SBATCH --account=XXX(hiddenAccount)XXX

SBATCH --cpus-per-task=1

SBATCH --mem-per-cpu=2G

SBATCH --constraint=XXX(hiddenPartitionName)XXX

SBATCH --nodes=1

SBATCH --gpus-per-node=1

SBATCH --job-name=mh1

SBATCH --time=00:20:00

SBATCH --output=.//signatures/slurmlogs/%A%a.out

SBATCH --error=.//signatures/slurmlogs/%A%a.out

SBATCH --array=0-0

SBATCH --mail-type=ALL

SBATCH --mail-user=XXX(hiddenMail)XXX

echo "Starting data processing job mh1" conda init bash conda activate datatrove source ~/.bashrc set -xe export PYTHONUNBUFFERED=TRUE srun -l launch_pickled_pipeline /lus/work/try_datatrove//signatures/executor.pik `

guipenedo commented 3 months ago

It seems that indeed there is no --qos being set, but maybe you actually have to set one on your cluster? Also it seems the actual nb of total tasks isn't being set, did you also comment out that part? ok just saw --array

solene-evain commented 3 months ago

If I consider the server documentation, it's written "do not try to specify any qos, it's done automatically". So, just like me, you can't see any other mention to qos than what I already commented in the two scripts I mentioned? I tried to have a look to imported libraries just in case but I couldn't find anything.
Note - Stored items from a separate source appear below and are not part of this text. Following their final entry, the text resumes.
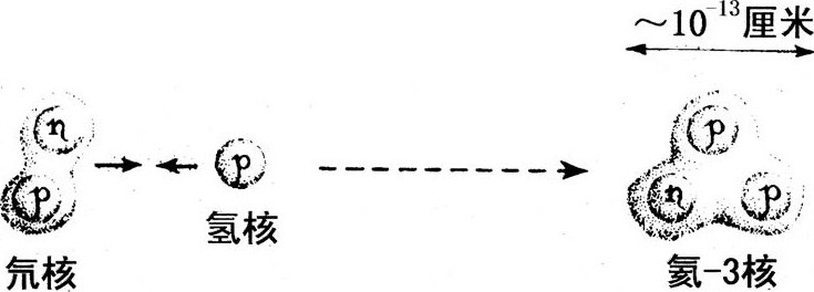 很轻的原子核聚变而形成中间大小的核,放出巨大能量。卡片5.3的一个简单例子是1个氘核(“重氢”,含一个质子和一个中子)和1个普通氢核(单个质子)形成1个氦-3核(两个质子和一个中子)的聚变。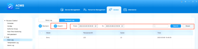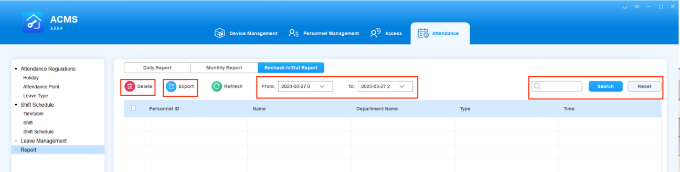 Check/Export/Delete the Recheck-In/Out Record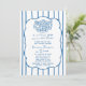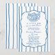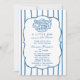 Designed in a blue and white color palette, this invitation features vertical stripes, a softly scalloped frame, and an adorable hand-drawn bread basket illustration that brings the beloved bun in the oven theme to life. The mix of elegant script and clean serif typography creates a balanced look that feels warm, welcoming, and perfect for both modern and traditional celebrations.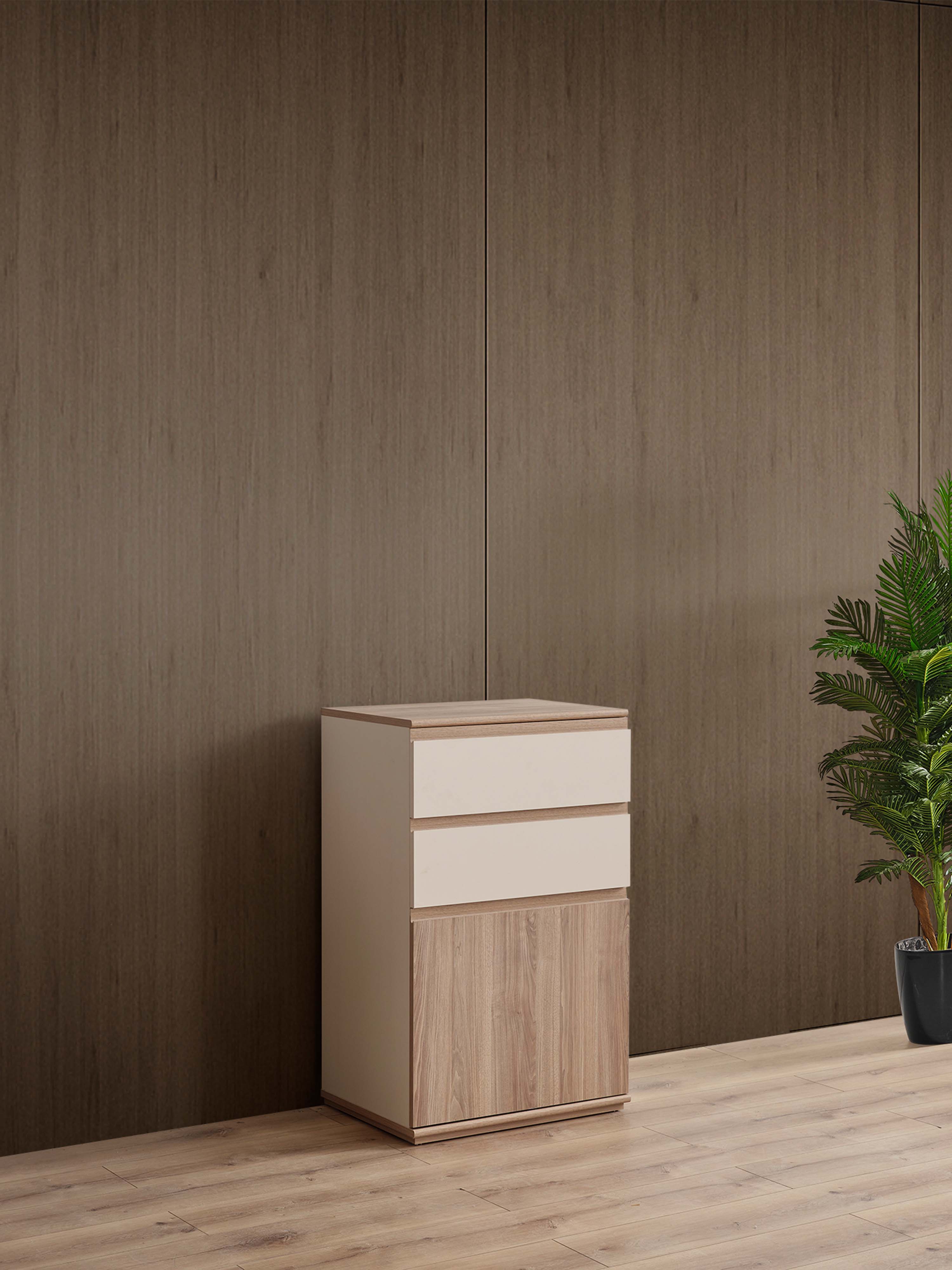 - Stauraum: Zwei Schubladen und ein geräumiges Fach mit Tür für vielseitige Aufbewahrungsmöglichkeiten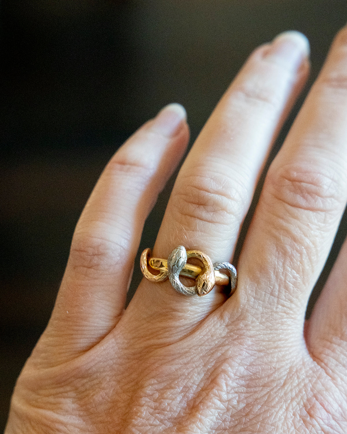 Antique twin snake ring, in platinum and gold. This unusual example has two open mouthed snakes entwined around a rose gold band. A rare example of early platinum jewelry. Circa 1890.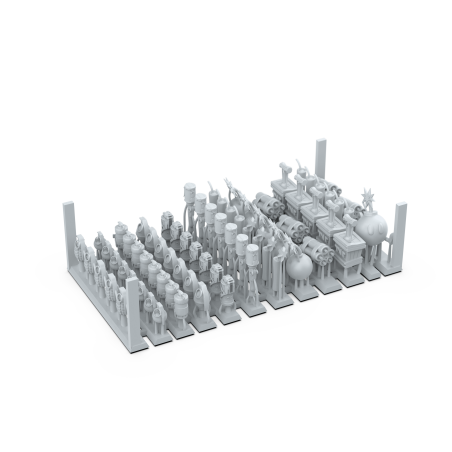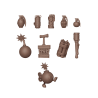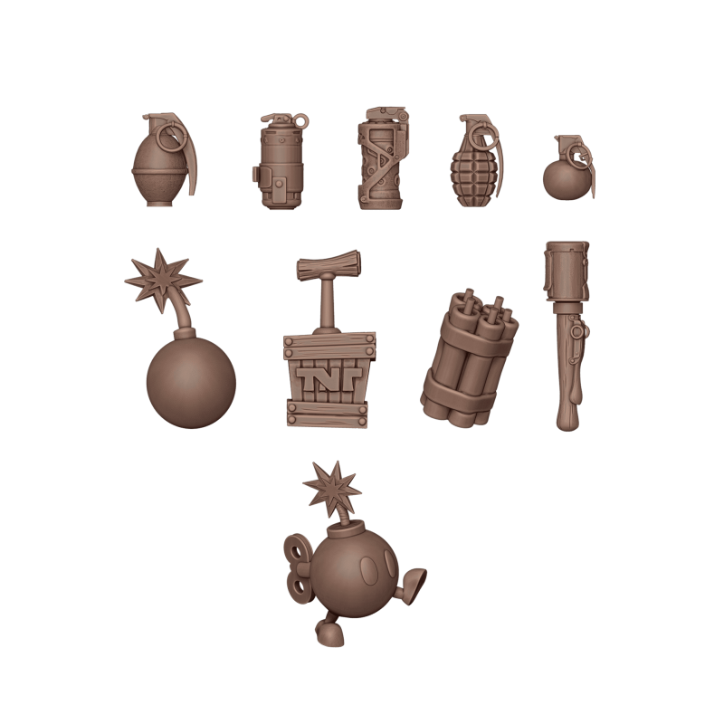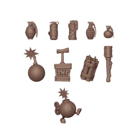 J'en profite !Ce bit en résine contient un ensemble d’engins explosifs pour décorer les socles et compléter les ceintures des soldats en guerre. Il inclut différents types de grenades, anciennes et modernes, offrant une variété d’esthétiques et de styles.

(many thanks for the help)

guipenedo commented 3 months ago

I think your error message can also mean the specific combination of resources you are requesting is not allowed, I suggest you send the cluster admins your sbatch script and ask them if they can spot any issues

solene-evain commented 3 months ago

Thank you for the advice. I contacted them yesterday, I'm waiting for an answer!